## Required action
Output every line of the material exactly, omitting images.

━━━ Supplied data ━━━

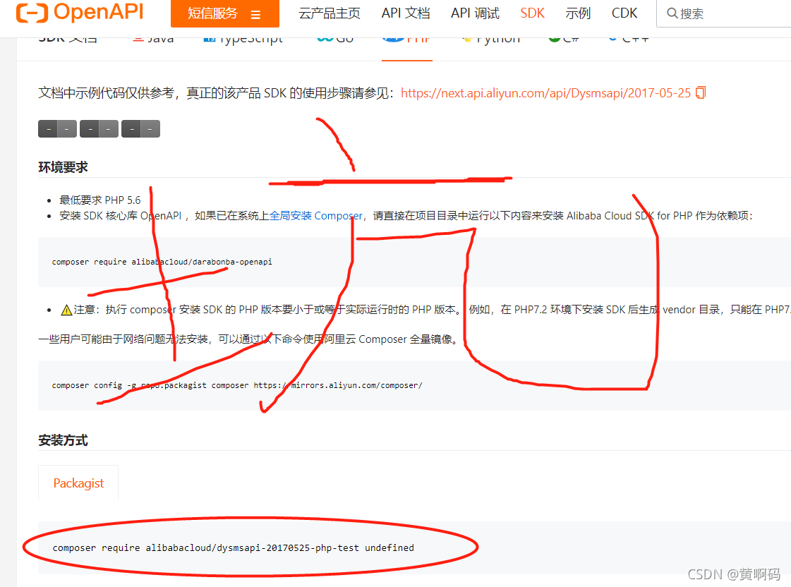 【黄啊码】PHP对接阿里云短信服务最新版(官方文档有坑,切记)
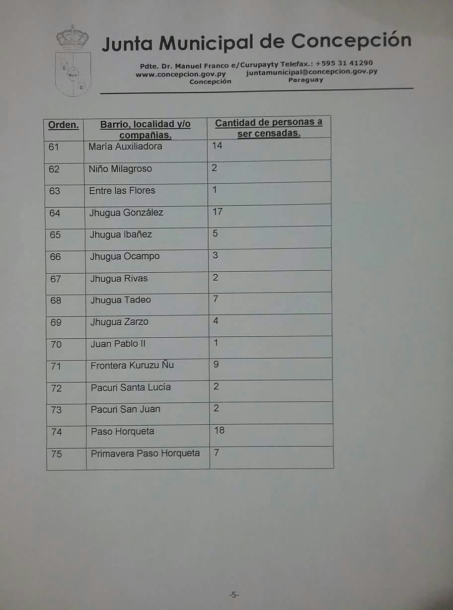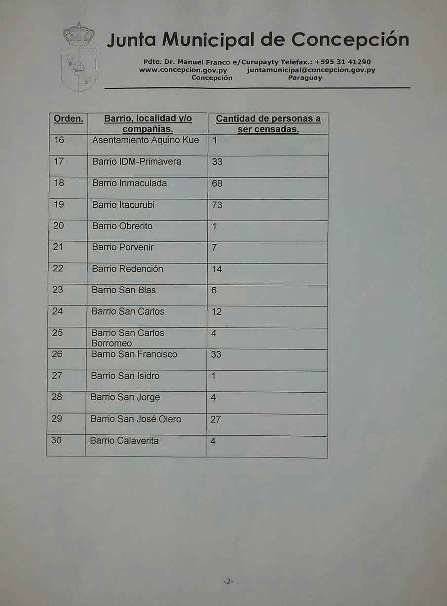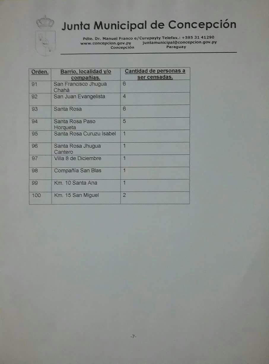 La Junta Municipal de Concepción dio a conocer con la cantidad de adultos mayores que serán censados desde este lunes 5 de marzo, de acuerdo a su barrio, localidad y/o compañía. Segun los responsables se prevé censar a 844 personas.
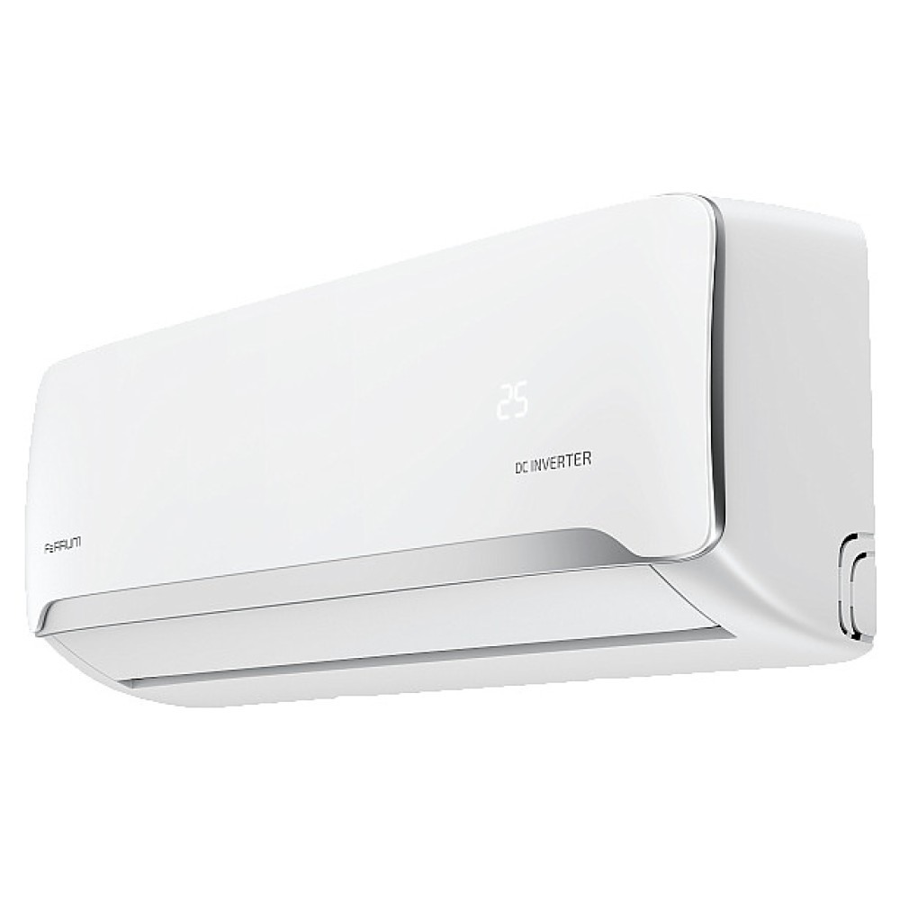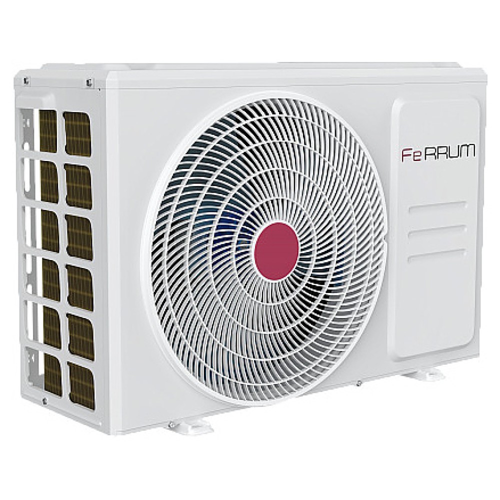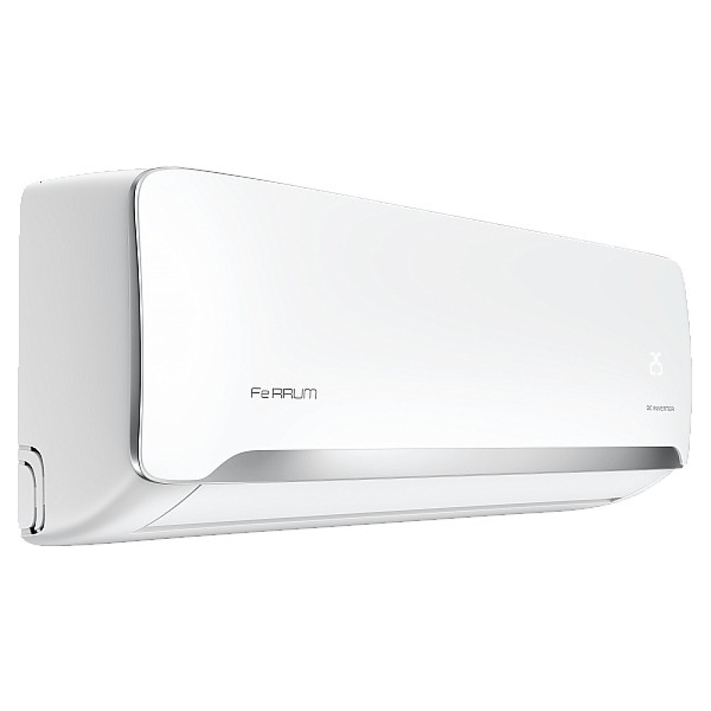 Настенная сплит-система Ferrum iFIS18F2С / iFOS18F2С серии FORCE FULL DC Inverter используется для создания максимально кофмортных условий микроклимата в жилых, вдминистративных и коммерческих помещениях. Модель состоит из внутреннего блока iFIS18F2С и наружного блока iFOS18F2С. Наружный блок оснащен 3-лопастным вентилятором, защитными решеткой и крышкой для сервисных вентилей, внутренний блок – воздухозаборной решеткой, откидной лицевой панелью, подвижными горизонтальной заслонкой и вертикальными жалюзи, электронным блоком управления и светодиодным дисплеем скрытого типа с проецируемой на фронтальную панель индикацией, пульт – кнопочной клавиатурой и информативным жидкокристаллическим дисплеем с фоновой подсветкой. Облицовка внутреннего блока выполнена из пластика с поверхностью белого цвета и декоративной окантовкой лицевой панели серебристого оттенка, корпус пульта – из ударопрочного белого пластика, корпус наружного блока – из стали с антикоррозийным покрытием белого цвета, теплообменники с гидрофобным антикоррозийным покрытием Golden Fin.
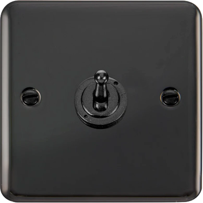 Rounded profile black nickel 10AX 1 gang 2 way toggle plate switch. · · · Plate Dimensions (mm) 88 (W) x 88 (H) x 8 (D) · · Dimensions With Gasket (mm) 91 (W) x 91 (H) x 9 (D) · · Style Rounded Profile · · Finish Black Nickel · · Gasket Colour Black · · Switch Finish Black Nickel · · Anti Microbial Certified No · · Rated Voltage (V) 250 · · Inductive Load Rating (AX) 10 · · Load Rating Comments Suitable for Inductive Loads

━━━

## Solution below
 【黄啊码】PHP对接阿里云短信服务最新版(官方文档有坑,切记)
 La Junta Municipal de Concepción dio a conocer con la cantidad de adultos mayores que serán censados desde este lunes 5 de marzo, de acuerdo a su barrio, localidad y/o compañía. Segun los responsables se prevé censar a 844 personas.
 Настенная сплит-система Ferrum iFIS18F2С / iFOS18F2С серии FORCE FULL DC Inverter используется для создания максимально кофмортных условий микроклимата в жилых, вдминистративных и коммерческих помещениях. Модель состоит из внутреннего блока iFIS18F2С и наружного блока iFOS18F2С. Наружный блок оснащен 3-лопастным вентилятором, защитными решеткой и крышкой для сервисных вентилей, внутренний блок – воздухозаборной решеткой, откидной лицевой панелью, подвижными горизонтальной заслонкой и вертикальными жалюзи, электронным блоком управления и светодиодным дисплеем скрытого типа с проецируемой на фронтальную панель индикацией, пульт – кнопочной клавиатурой и информативным жидкокристаллическим дисплеем с фоновой подсветкой. Облицовка внутреннего блока выполнена из пластика с поверхностью белого цвета и декоративной окантовкой лицевой панели серебристого оттенка, корпус пульта – из ударопрочного белого пластика, корпус наружного блока – из стали с антикоррозийным покрытием белого цвета, теплообменники с гидрофобным антикоррозийным покрытием Golden Fin.
 Rounded profile black nickel 10AX 1 gang 2 way toggle plate switch. · · · Plate Dimensions (mm) 88 (W) x 88 (H) x 8 (D) · · Dimensions With Gasket (mm) 91 (W) x 91 (H) x 9 (D) · · Style Rounded Profile · · Finish Black Nickel · · Gasket Colour Black · · Switch Finish Black Nickel · · Anti Microbial Certified No · · Rated Voltage (V) 250 · · Inductive Load Rating (AX) 10 · · Load Rating Comments Suitable for Inductive Loads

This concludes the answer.